----- Given information

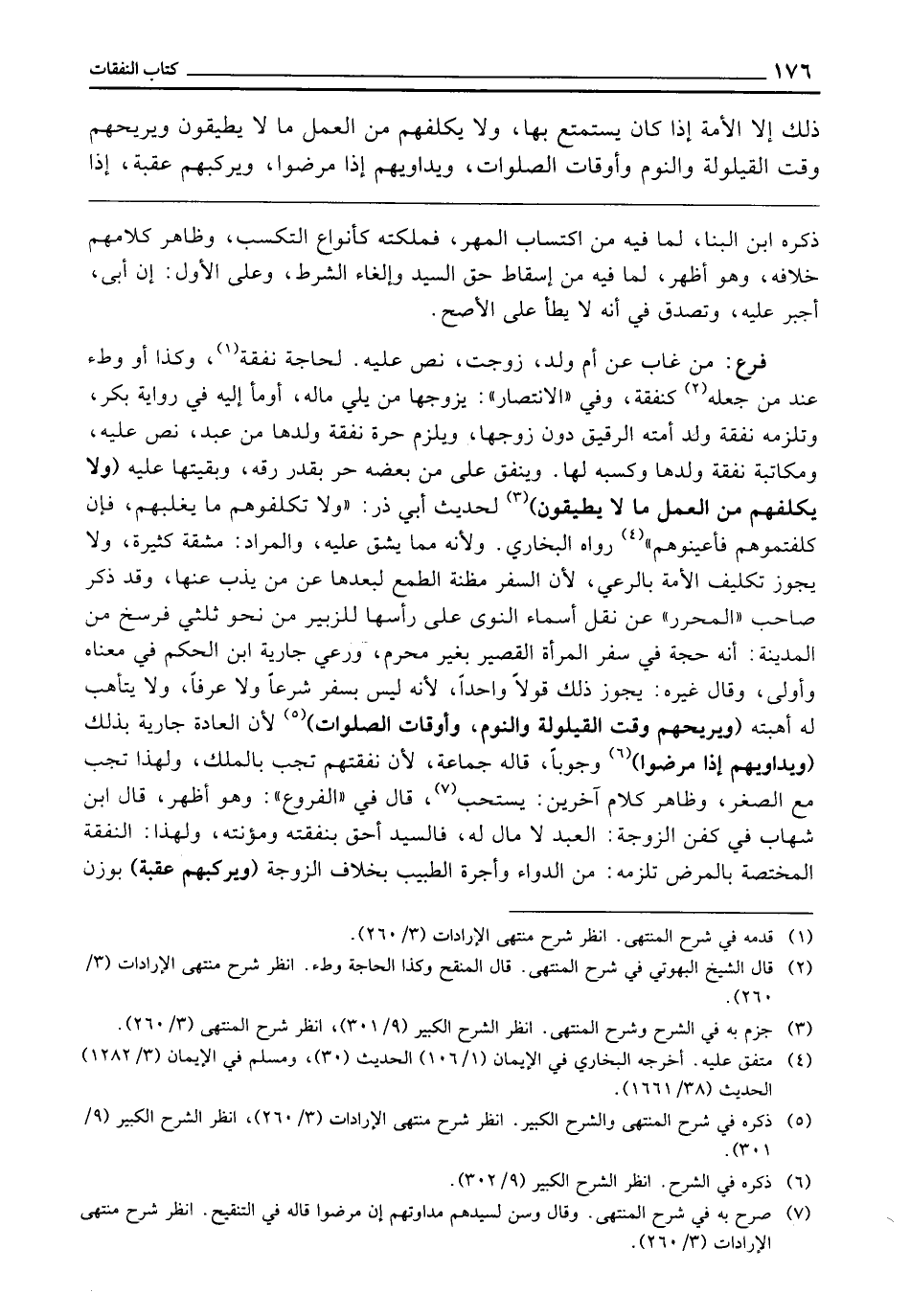 ذَلِكَ. إِلَّا الْأَمَةَ إِذَا كَانَ يَسْتَمْتِعُ بِهَا، وَلَا يُكَلِّفُهُمْ مِنَ الْعَمَلِ مَا لَا يُطِيقُونَ. وَيُرِيحُهُمْ وَقْتَ الْقَيْلُولَةِ وَالنَّوْمِ وَأَوْقَاتِ الصَّلَوَاتِ وَيُدَاوِيهِمْ إِذَا مَرِضُوا وَيُرْكِبُهُمْ عُقْبَةً إِذَا
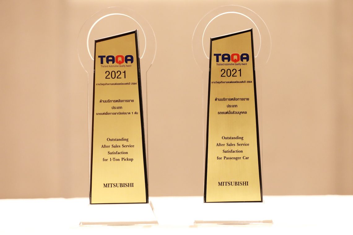 พร้อมกันนี้ มิตซูบิชิ มอเตอร์ส ประเทศไทย ยังสามารถคว้า 2 รางวัลอันทรงเกียรติจากเวทีการประกวดธุรกิจยานยนต์ยอดนิยมประจำปี 2564 หรือ TAQA ได้แก่ รางวัลธุรกิจยานยนต์ยอดนิยม ด้านบริการหลังการขาย ประเภทรถยนต์นั่งส่วนบุคคล และ รางวัลธุรกิจยานยนต์ยอดนิยม ด้านบริการหลังการขาย ประเภทรถยนต์เพื่อการพาณิชย์ขนาด 1 ตัน ซึ่งสะท้อนให้เห็นถึงความมุ่งมั่นของ มิตซูบิชิ มอเตอร์ส ประเทศไทย ในการสร้างความพึงพอใจสูงสุดให้แก่ลูกค้า เพื่อส่งมอบการบริการที่ดีที่สุดให้แก่ลูกค้าของเราอย่างต่อเนื่อง ทั้งนี้ มิตซูบิชิ มอเตอร์ส ประเทศไทย สามารถคว้ารางวัลอันทรงเกียรตินี้เป็นปีที่ 2 ติดต่อกันแล้ว ซึ่งพิสูจน์ให้เห็นถึงความพึงพอใจของลูกค้าที่มีต่อบริการหลังการขายของ มิตซูบิชิ มอเตอร์ส ประเทศไทย ได้อย่างดีเยี่ยม
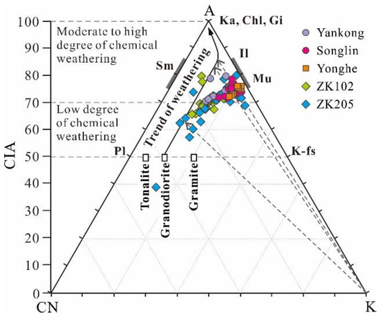 A-CN-K ternary diagram showing the diagenetic K-metasomatism of the Early Cambrian black shales. The associated range of the CIA values is also indicated. A—Al2O3; CN—CaO* + Na2O; K—K2O; CIA—chemical index of alteration; Ka - kaolinite; Chl—chlorite; Gi—gibbsite; Sm—smectite; Il—illite; Mu—muscovite; Pl—plagioclase; and K-fs—K-feldspar.

----------

In your copy of the listing above, reproduce each line exactly and omit all pictures.

 ذَلِكَ. إِلَّا الْأَمَةَ إِذَا كَانَ يَسْتَمْتِعُ بِهَا، وَلَا يُكَلِّفُهُمْ مِنَ الْعَمَلِ مَا لَا يُطِيقُونَ. وَيُرِيحُهُمْ وَقْتَ الْقَيْلُولَةِ وَالنَّوْمِ وَأَوْقَاتِ الصَّلَوَاتِ وَيُدَاوِيهِمْ إِذَا مَرِضُوا وَيُرْكِبُهُمْ عُقْبَةً إِذَا
 พร้อมกันนี้ มิตซูบิชิ มอเตอร์ส ประเทศไทย ยังสามารถคว้า 2 รางวัลอันทรงเกียรติจากเวทีการประกวดธุรกิจยานยนต์ยอดนิยมประจำปี 2564 หรือ TAQA ได้แก่ รางวัลธุรกิจยานยนต์ยอดนิยม ด้านบริการหลังการขาย ประเภทรถยนต์นั่งส่วนบุคคล และ รางวัลธุรกิจยานยนต์ยอดนิยม ด้านบริการหลังการขาย ประเภทรถยนต์เพื่อการพาณิชย์ขนาด 1 ตัน ซึ่งสะท้อนให้เห็นถึงความมุ่งมั่นของ มิตซูบิชิ มอเตอร์ส ประเทศไทย ในการสร้างความพึงพอใจสูงสุดให้แก่ลูกค้า เพื่อส่งมอบการบริการที่ดีที่สุดให้แก่ลูกค้าของเราอย่างต่อเนื่อง ทั้งนี้ มิตซูบิชิ มอเตอร์ส ประเทศไทย สามารถคว้ารางวัลอันทรงเกียรตินี้เป็นปีที่ 2 ติดต่อกันแล้ว ซึ่งพิสูจน์ให้เห็นถึงความพึงพอใจของลูกค้าที่มีต่อบริการหลังการขายของ มิตซูบิชิ มอเตอร์ส ประเทศไทย ได้อย่างดีเยี่ยม
 A-CN-K ternary diagram showing the diagenetic K-metasomatism of the Early Cambrian black shales. The associated range of the CIA values is also indicated. A—Al2O3; CN—CaO* + Na2O; K—K2O; CIA—chemical index of alteration; Ka - kaolinite; Chl—chlorite; Gi—gibbsite; Sm—smectite; Il—illite; Mu—muscovite; Pl—plagioclase; and K-fs—K-feldspar.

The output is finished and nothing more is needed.